The Census asked whether a person could speak Sinhala or Tamil. There was a separate question for literacy, which asked can they read and write Sinhala or Tamil. Jennings said the census would have been more useful if it has asked, instead for mother tongue, for languages spoken, literacy in mother tongue, literacy in other languages. The 1950 Whitepaper quietly dropped mother tongue and substituted the language of the home, noted Jennings.
The 1981 census classified the population into six ethnic groups: ‘Sinhalese, Sri Lanka Tamil, Indian Tamil, Sri Lanka Moor, Burgher, Malay and other.’ The 2012 census added ‘Sri Lanka Chetty’ and ‘Bharatha’ to the list. The ethnic pattern in 2012 was: Sinhalese (15,250,081) Sri Lanka Tamil (2,269,266) Indian Tamil (839,504) Sri Lanka Moor (1,892,638) Burgher (38,293) Malay (44,130) Sri Lanka Chetty (5,595), Bharatha (1,717) Other (18,215).

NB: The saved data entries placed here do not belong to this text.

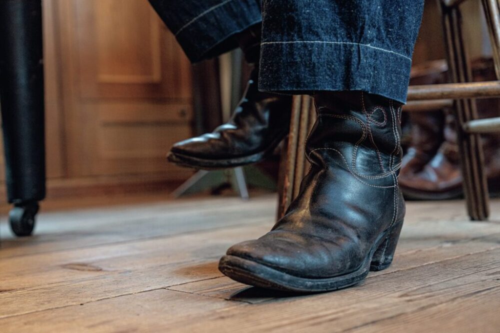 トゥが薄いシャープなフォルムが特徴的なカウボーイブーツはCLINCHの“Cassidy”。クラシカルなフォルムと派手過ぎない刺繍が大人のスタイルを演出。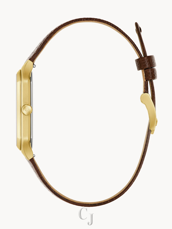 As part of a new partnership with the Tony Bennett Foundation, the “We Are All Here” Duet Bulova men’s timepiece celebrates the timelessness and incomparable talent of the memorable crooner. Taking its inspiration from the classic design of the 1980s, when Bennett staged a roaring comeback, the watch’s gold-tone stainless steel case has a sleek, angular silhouette with polished faceting, paired with a brown embossed Teju lizard leather strap. Accented with gold-tone hands and markers, the vertically brushed black dial is a study in perfection, with a seconds hand counterbalance shaped like Bennett’s signature folded pocket square. With Tony Bennett’s signature gracing the case back, this Bulova men’s watch pays tribute to one of the greatest performers of all time.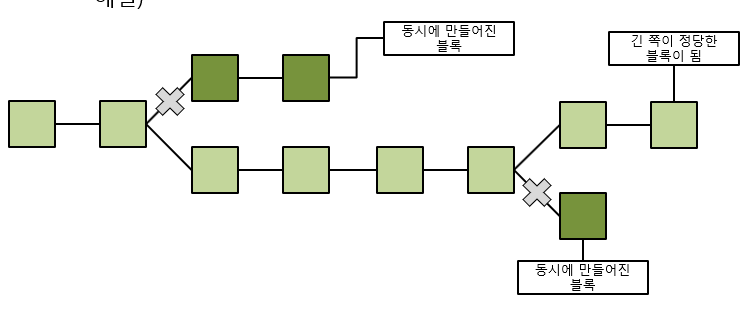 * 추후에 네트워크 상태에 따라, 위의 블록체인이 추가된것이 더 길어진다면, 위의 것이 올바른것으로 재변경 된다.

Total 20,359,439. (Census 2012).
The Population Census, which is based on the Census Ordinance, has a great deal of authority and influence, observed Tudor Silva. Its statistics are used as the base for many economic activities, such as distribution of state resources. Its ethnic categories, which are utterly artificial, are accepted as official. This has led to other complications. These artificial ethnic Identities then started to develop a life and history of their own and become fixed. Now they are claiming land rights and sovereignty, Tudor concluded. (Continued)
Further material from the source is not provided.